Exercise objective:
Please restate word for word the lines of the entries below from the one with "Найдите защёлку амортизатора" to the one with "Monthly luncheon featuring", inclusive, and leave out every picture.

━━━━━ Task inputs

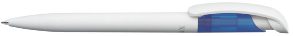 Retractable ballpoint pen with barrel and clip made from 100% renewable biodegradable material. Upper part made from transparent frosted ABS plastic.
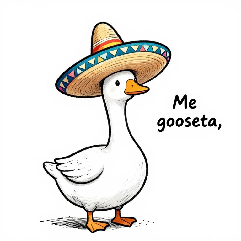 A humorous cartoon illustration of a white goose wearing a large colorful Mexican sombrero, The goose is depicted in a minimalistic black-and-white sketch style, with subtle shading to add depth, The sombrero is vividly colored with traditional Mexican patterns, including a border of triangular shapes, To the right of the goose, a handwritten-style text reads \"Me gooseta, \" emphasizing the humorous tone, The illustration is clean and simple, with a focus on the playful and quirky concept
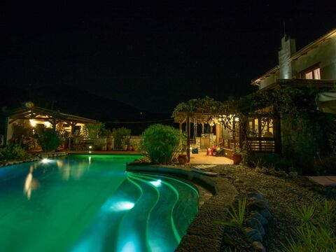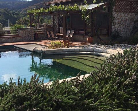 Great countryside house for sale in Korinthia, Peloponnese in a large plot of land with significant ecological character. it is a 280sqm bioclimatic house spread over 3 levels , within a spacious land of 7.800sqm. totally landscaped. The house, which is located 3,5Km from the beach, is build and maintained in an extra eco way using materials that are not harmful to the environment and humans. Specifically,the estate consists of : 5 bedrooms 1 large storage room 2 kitchens 3 bathrooms, 1 with jacuzzi bath 1 sauna 2 living rooms 3 wood stoves for extra heating in villa Central integrated vaccum cleaner system Large external barbecue with wood oven and outdoor kitchen Natural water swimming pool of 50sqm with jacuzzi corner (unchlorinated) with a non chemical water purification system, toilet, shower changing room and storage room by the pool Workshop/storage area outside the villa Gas boiler connected to radiators for central heating throughout. A separate caretaker/guest studio cottage with kitchenette, bathroom and air conditioning The property has large expanse of land which contains - 7.8 acres of land with 60 olive trees and 50 fruit/nut trees (oranges, lemon, grapes, figs, pomegranate, walnut, almond and many more) A large green house Fire safety system throughout the land Rain water recycling system Automated drip irrigation system for watering the land. Fire wood storage area Remote operated gates Double glass windows Dog houses Chicken house Plot plan and floor plans available upon request.
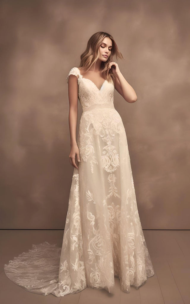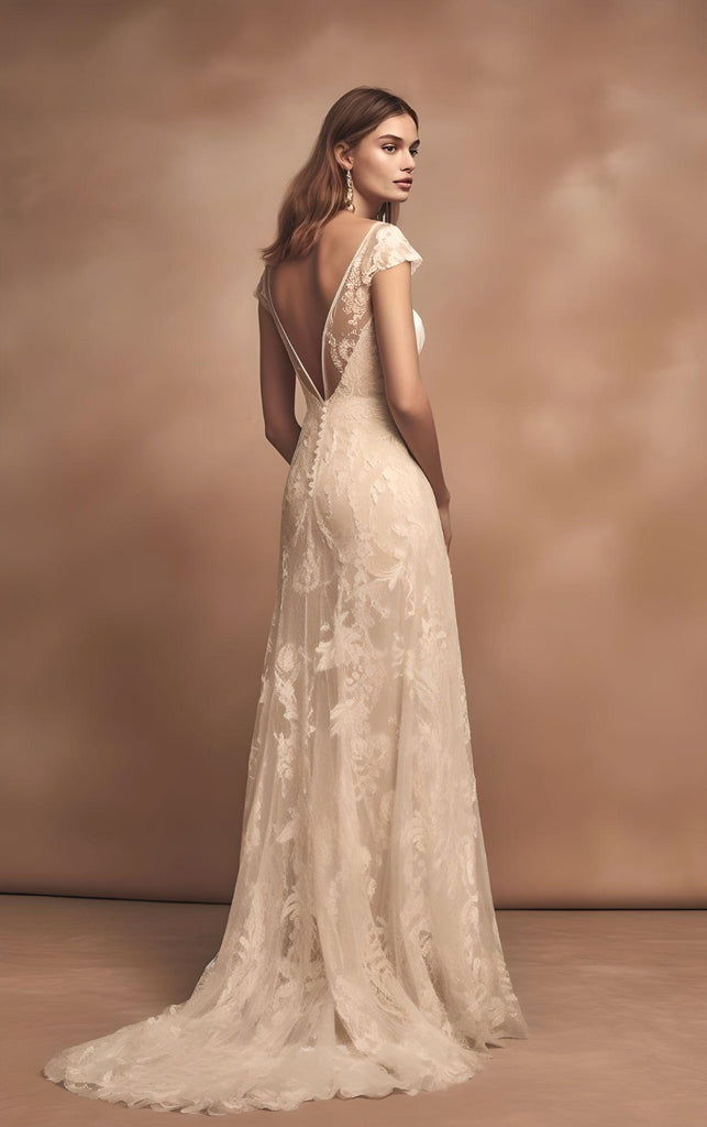 The 2023 A-Line Tulle Lace Sleeveless Wedding Dress with Train V-neck V Back Country Garden Simple Sexy Elegant-MW_760038 is the yin, to your yang. You've found what you're looking for.
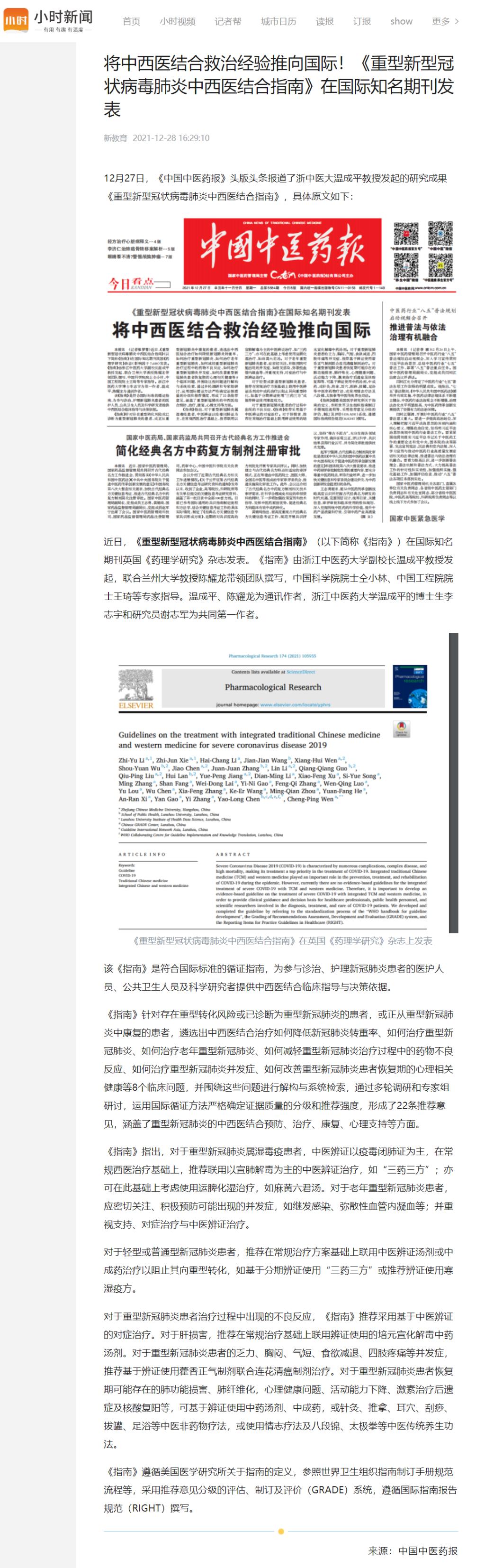 12月27日,《中国中医药报》头版头条报道了浙中医大温成平教授发起的研究成果《重型新型冠状病毒肺炎中西医结合指南》,具体原文如下:
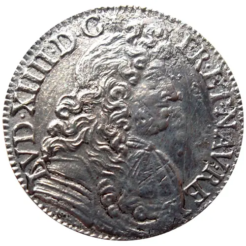 | Obverse description | Bust of Louis XIV on the right, draped and cuirassed with the Cordon de l`Ordre du Saint-Esprit and an embroidered cravat, wearing a wig; the armor not studded. Legend starting at 19 h. |
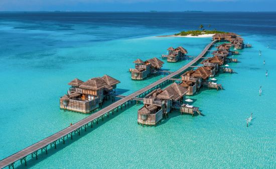 Es gibt 1.200 Malediven-Inseln, die meisten davon sind unberührt. Nur knapp 200 sind bewohnt, entweder von der einheimischen Bevölkerung oder von Urlaubsgästen, die hier ihren Südseetraum ausleben, obwohl sie nicht in der Südsee sind. Die ist viel weiter weg, aber optisch vergleichbar: Beim Anflug aus der Luft wirkt es, als habe Frau Holle ihr Kissen geschüttelt, nur dass anstelle von Federn Inseln in die Tiefe fielen. Dort schwimmen sie nun im türkisblauen Indischen Ozean. Ihr Kern ist dschungelgrün, ihre Ränder sind sandweiß und an langen Stegen, die wie schlanke Insektenbeine über das Wasser führen, reihen sich Häuschen, die sich aus der Nähe betrachtet als meist luxuriöse, großzügige Gäste-Bungalows entpuppen. In der Regel gilt: eine Insel, ein Hotel. In vielen davon wird Privacy zelebriert, in anderen auch öfter gefeiert. Breit gefächerte Wassersportmöglichkeiten, schöne Spas und diverse Restaurants bieten Abwechslung – doch eigentlich braucht man sie nicht. Die Aussicht von der eigenen Terrasse auf das Meer und die Privatleiter ins Wasser reichen, um wunschlos glücklich zu sein. So kommen Freunde ungestörter Einsamkeit ebenso auf ihre Kosten wie all jene, die Unterhaltung, Sport, Gourmet-Dining und Luxus suchen.
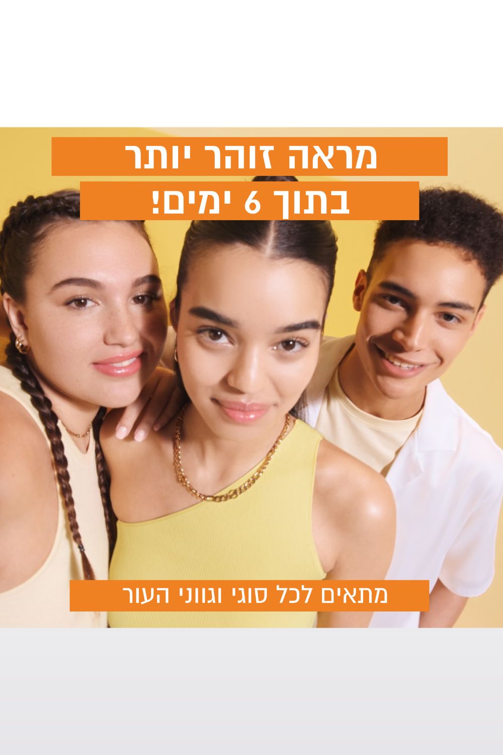מסייע בהפחתת 43%- מנראות הכתמים הכהים על עור הפנים, בהשוואה לעור סביבם***.
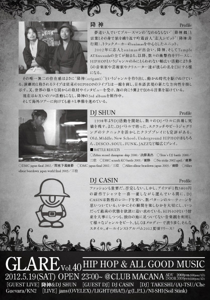 夢追い人でいてブルースマンの"なのるなもない"(降神 鶴)と言葉とその身で旅を繰り返す吟遊詩人・"志人 シビット"(降神 非行期)、トラックメーカーの onimasを中心とし
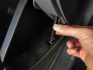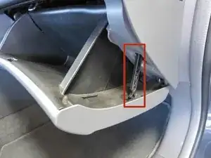 Найдите защёлку амортизатора бардачка с правой стороны бардачка.
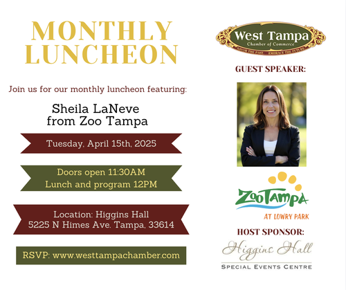 Monthly luncheon featuring speaker: Sheila LaNeve from Zoo Tampa
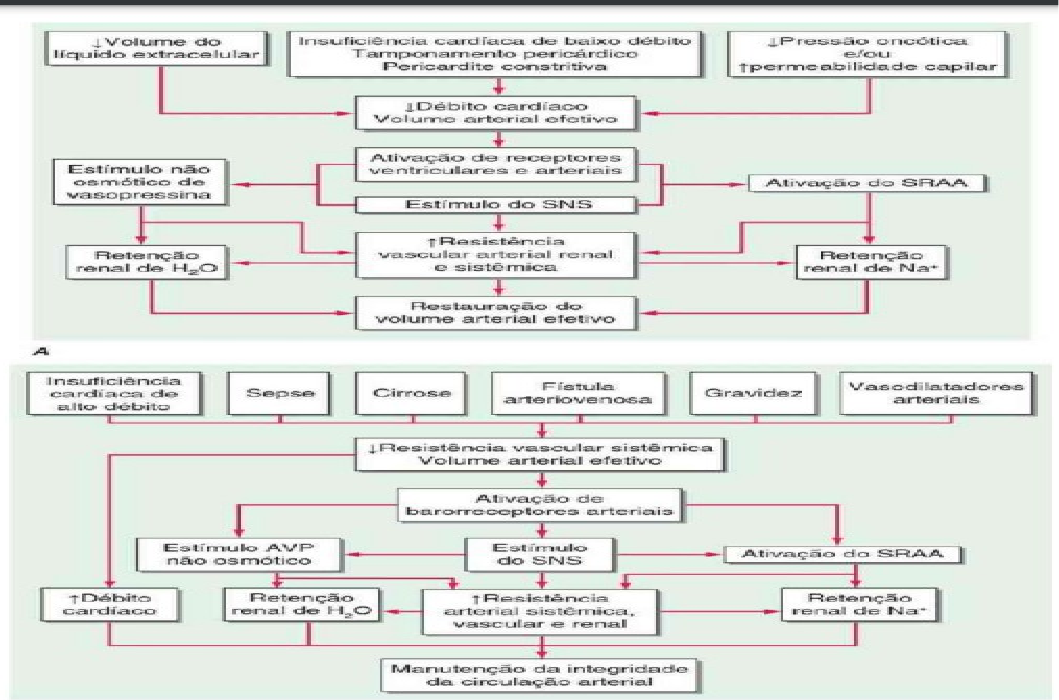 EDEMA NA CLINICA Cerca de 2/3 da agua corporal lesta em nível intracelular, enquanto 1/3 é extracelular. Cerca de um quarto dessa ultima parte esta no pasma, enquanto no restante esta no liquido intersticial. O edema representa um excesso de líquido intersticial que fica evidente clinicamente. Há trocas constante de fluidos entre 2 compartimento de liquido extracelular, a pressão hidrostática dentro dos capilares e a pressão coloidal oncótica no liquido intersticial promovendo movimento de agua e solutos passíveis de difusão do plasma para interstício. Esse movimento é mais proeminente na origem arterial dos capilares, caindo progressivamente com o declínio da pressão intercapilar e com elevação na pressão oncótica em direção a extremidade venular. O liquido retorna do espaço itinerante para o sistema vascular em grande parte através do sistema linfática. Essa troca de liquido normalmente são equilibradas de maneiras que os volumes dos compartimento intravascular e intersticial permaneça constante. Porem, ocorre um movimento resultante de fluidos do espaço intravascular para o interstício que pode ser responsável pelo desenvolvimento de edema, sob as seguintes condições: (1) aumento da opressão hidrostática intracapilar (2) drenagem linfática inadequada (3) redução na pressão oncótica do plasma (4) dano a barreia endotelial capilar (5) aumento na pressão oncotica no espaço intersticial Em diversos tipos de edema, o volume efetivo de sangue arterial ,um parâmetro que represente o preenchimento da arvore arterial e que efetivamente perfunde os tecidos, encontra-se reduzido. O preenchimento insuficiente da arvore arterial pode ser causa pro redução de debito cárdico e/ou resistência vascular sistema, pro acúmulo de sangue nas veia esplâncnicas (como na cirosse) e por hipoalbunemia. Como consequência desse preenchimento insuficiente, é acionada uma série de reposta fisiológicas voltadas para reestabelecer o volume arterial efetivo normal. Um elemento-chave dessa resposta é retenção renal de sódio e, portanto, de agua, resultando, dessa foram, o volume arterial efeito, porem algumas vezes, também ocasionando ou intensificando edema · Condições clinicas nas quase uma redução no debito cardíaco (A) na resistência vascular sistêmica (B) levam a um menor prenchimento arterial, resultando em ativação neuro-humoral e retenção renal de sódio e agua. Além de ativar o eixo neuro- humoral, o estimulo adrenérgico causa vasoconstritor renal e aumenta o transporte de sódio e líquido pelo epitélio do túbulo proximal O fluxo sanguíneo renal diminui, caracterizo do estado nas quais o volume de sangue arterial efetivo esta reduzido, é traduzido pela células justa glomerular renais (células mioepitelial perto da arteríola aferente) em um sinal para maior liberação renina, Da que age no seu substrato, o angiotensinogenio, que ajuda a libera angiotensina, convertida em angiotensina, que possui propriedades vasoconstritores generalizadas, particularmente na arteríolas eferente renais. Esse efeito faz a pressão hidrostatica nos capilares peitubulares, enquanto a fração de filtração eleva a pressão coloidal osmótica desse vasos, aumenta reabsorção de sal e agua nos túbulos próximas , assim como no ramo ascendente da alça de henle. O sistema renina-angiotesina-aldosterona atua tanto como um sistema hormonal quanto um sistema parácrino. Sua ativação leva a retenção de sódio e agua, e portanto, contribui para formação de edema. O bloqueio da conversão de angiotensina I em 2 e bloqueio receptor de A2 aumenta de excreção de sódio e agua e reduzem vários tipos de edema, · A angiotensina 2 que penetra na circulação sistema e estimula produção de aldosterona pela zona glomerular do córtex suprarrenal. Aldosterona, por sua vez, aumenta a reabsorção de soído e excreção de potássio, favorecendo edema, o bloqueio da da ação da aldeonas como (espirolactona ou eplrenona – antagonista da aldosterona) ou amilorida (bloqueio de canais epiteliais de sódio) em geral induz uma diurese nos estado edematosos A secreção de arginina-vasopressina pela gandula hipofisária posterior ocorre em reposta a aumento da concentração osmolar intracelular e, mediante a estimulação dos receptores V2, a AVP aumenta a reabsorção de agua livre nos túbulos distais e ductos coletos dos rins, aumentado, assim a agua corporal total. AVP circulante fica elevados em muitos paciente com insuficiência cárdica, secundariamente a um estímulo não osmótico associada o a diminuição do volume arterial efetiva e complacência reduzida do átrio esquerdo, tais paciente deixa de apresentar a redução normal de AVP com uma redução da osmolalidade, contribuindo ara a formação de edema e hiponatremia. A endotelina 1-, é um peptídeo vasoconstritor liberado pela células endoteliais. Sal contra no plasma é elevado em paciente com IC grave e contribui para vasoconstrição renal, retenção de sódio e edema. Peptídeos natriuréticos – a distensão atrial causa liberação de peptídeo natriurético atrial (ANP). Um peptídeo natriurético (ore-pro hormônio peptídeo natriurético cerebral- BNP) intimamente relacionado é armazenada primariamente nos micóticos ventriculares e é liberados quando a pressão diastólica ventricular aumenta. A ANP e BNP (que é derivada de seu percurso) liberados se ligam a receptores A natriuréticos que causam: (1) excreção de sódio e agua pelo aumento da taxa de filtração glomerular, inibindo a reabsorção de sódio e agua no túbulo próxima e inibindo a liberação de renina e aldosterona (2) dilatação de arteríolas e vênulas antagonizando as ações vasoconstritoras da angiotensina e estimulando simpática. Portanto, níveis elevados de peptídeo natriuréticos possuem capacidade de contrapor a retenção de sódio nos estados hipervolêmicos e edematoso. Emboás os níveis circu
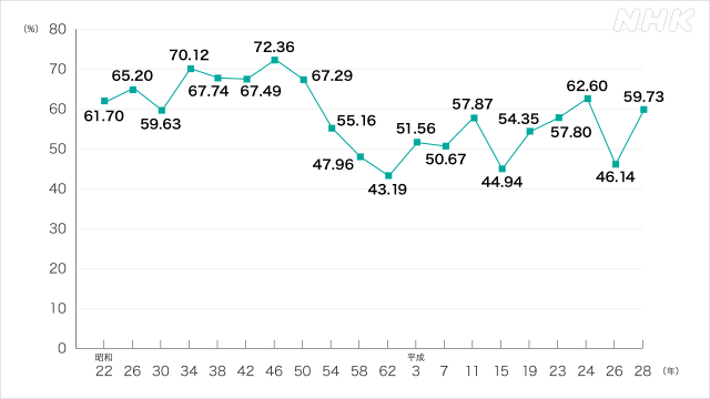 グラフ:都知事選投票率推移(NHK特集ページより)
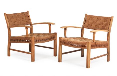 2551/641AarhusDanish furniture design: A pair of easy chairs with beech frame. Seat and back stretched with woven seagrass. 1940s. (2)
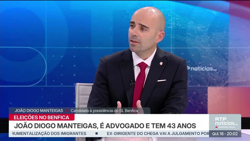 O candidato à presidência do Benfica esteve esta quinta-feira na RTP Notícias a dar uma entrevista em que falou da estratégia da sua candidatura. João Diogo Manteigas garantiu que existirão dois diretores desportivos, numa aposta principal ligada à formação.
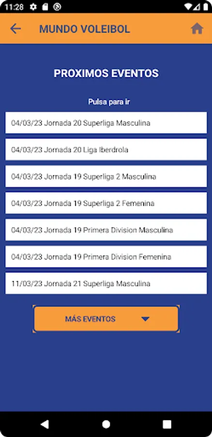 Mundo Volleyball is an application aimed at both players and fans of volleyball. In it you will be able to see and analyze the results and the classifications of the big Spanish leagues.
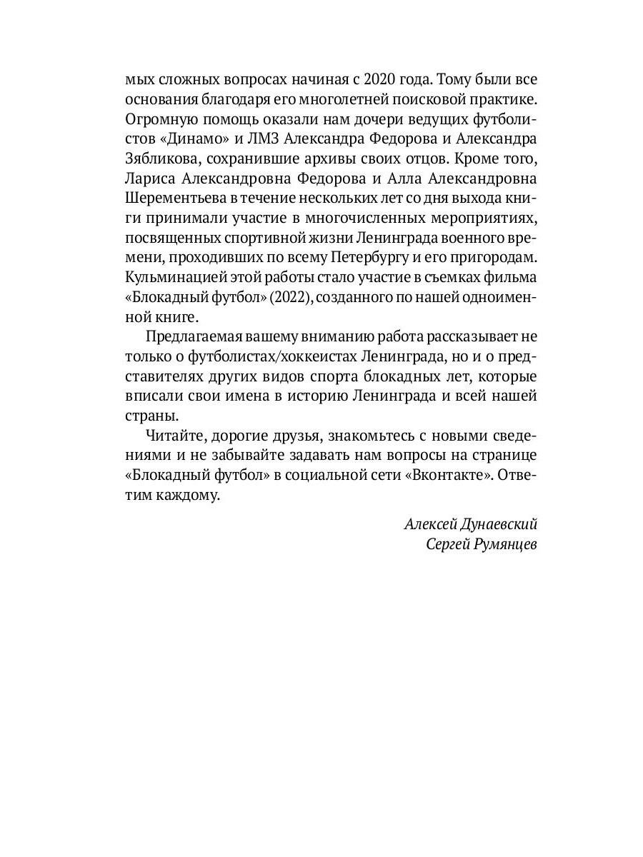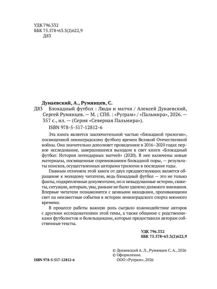 Эта книга является заключительной частью «блокадной трилогии», посвященной ленинградскому футболу времен Великой Отечественной войны. Она значительно дополняет проведенное в 2016-2020 годах первое исследование, завершившееся выходом в свет книги «Блокадный футбол: История легендарных матчей» (2020). В нее включены новые материалы, посвященные соревнованиям блокадной поры, - результаты поисков, осуществленных авторами трилогии в последние годы. Главным отличием этой книги от двух предшествующих является обращение к молодому читателю, ведь блокадный футбол - это не только факты, подкрепленные документами, но и невыдуманные истории, сюжеты, ситуации, которым, увы, раньше не было уделено должного внимания. Впервые читатели познакомятся с ценными находками, проливающими свет на неизвестные события в истории ленинградского спорта военного времени. В процессе работы важную роль сыграло взаимодействие авторов с другими исследователями этой темы, а также общение с родственниками футболистов и болельщиками, которые предоставили авторам собственные тексты.| Издательство | Т8 RUGRAM |
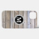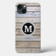 Capa de telefone com monograma de madeira com aspecto rústico. Você vai adorar este visual moderno e trendy rústico! Letra de monograma branca em círculos pretos e cinzas e um fundo de ripas de madeira.
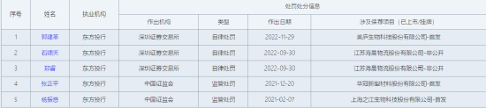 据中证协保代C类名单,2021年以来,东方证券有五位现任保代收到了监管处罚或自律处罚。
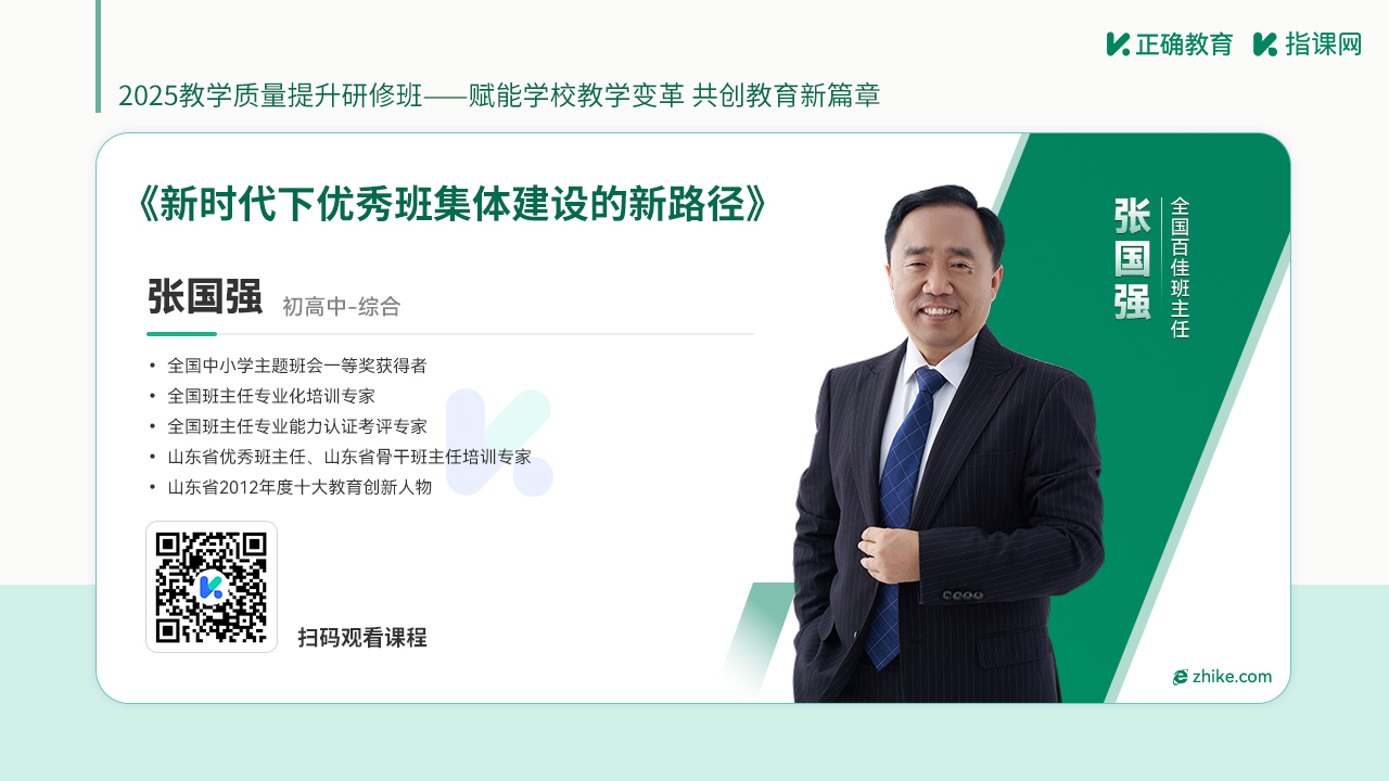 张国强,中国教育专家网高级专家,全国百佳班主任,全国中小学主题班会一等奖获得者,全国班主任专业化培训专家,全国班主任专业能力认证考评专家,山东省优秀班主任,山东省2012年度十大教育创新人物,山东省骨干班主任培训专家,山东省家庭教育指导专家,《教师》、《教师博览》、《新班主任》等封面人物,北京开放大学家庭教育学院特聘课程专家,中国石油大学、中国海洋大学、青岛大学、山东师范大学、云南师范大学、陕西师范大学、鲁东大学等大学特聘教育培训专家,《山东教育报》专栏记者,青岛市首届名班主任,青岛市首届名班主任工作室主持人,青岛市城阳区名班主任工作室首席专家;已出版教育专著《心会随爱一起走》、《聆听花开的声音》和《教育,可以做出幸福的味道来》;《教育转化后进生始于尊重》等多篇文章发表在《中国教育报》、《中小学德育》、《班主任》、《新班主任》等报刊杂志;多年致力于后进生的教育转化,把论语与班级管理融为一体,进行“有爱无类”教育,事迹多次被《山东教育电视台》、《山东教育报》、《教师博览》、《新班主任》《德育报》、《教育家》等报刊媒体报道;应邀赴全国各地作班级管理教育报告二百余场。

━━━━━━━━━━

Reply to the exercise:
 Найдите защёлку амортизатора бардачка с правой стороны бардачка.
 Monthly luncheon featuring speaker: Sheila LaNeve from Zoo Tampa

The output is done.